Institutions: University of Zurich.
Mori's Uncanny Valley Hypothesis1,2 proposes that the perception of humanlike characters such as robots and, by extension, avatars (computer-generated characters) can evoke negative or positive affect (valence) depending on the object's degree of visual and behavioral realism along a dimension of human likeness (DHL) (Figure 1). But studies of affective valence of subjective responses to variously realistic non-human characters have produced inconsistent findings 3, 4, 5, 6. One of a number of reasons for this is that human likeness is not perceived as the hypothesis assumes. While the DHL can be defined following Mori's description as a smooth linear change in the degree of physical humanlike similarity, subjective perception of objects along the DHL can be understood in terms of the psychological effects of categorical perception (CP) 7. Further behavioral and neuroimaging investigations of category processing and CP along the DHL and of the potential influence of the dimension's underlying category structure on affective experience are needed.
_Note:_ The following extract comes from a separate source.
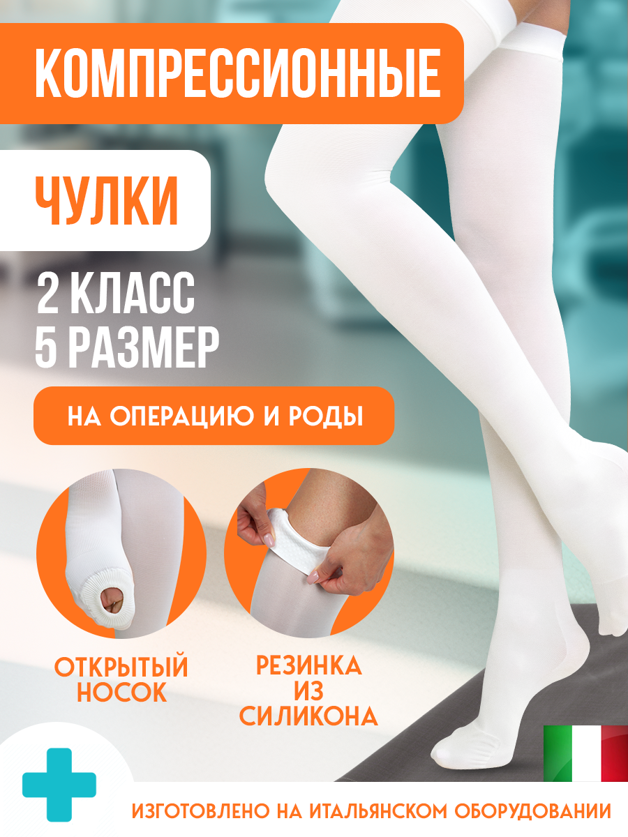 Medicaland Hospital Антиэмболические чулки (2 класс), размер №5, открытый носок, белые / Медикаленд Хоспитал интересное:

This protocol therefore focuses on the DHL and allows examination of CP. Based on the protocol presented in the video as an example, issues surrounding the methodology in the protocol and the use in "uncanny" research of stimuli drawn from morph continua to represent the DHL are discussed in the article that accompanies the video. The use of neuroimaging and morph stimuli to represent the DHL in order to disentangle brain regions neurally responsive to physical human-like similarity from those responsive to category change and category processing is briefly illustrated.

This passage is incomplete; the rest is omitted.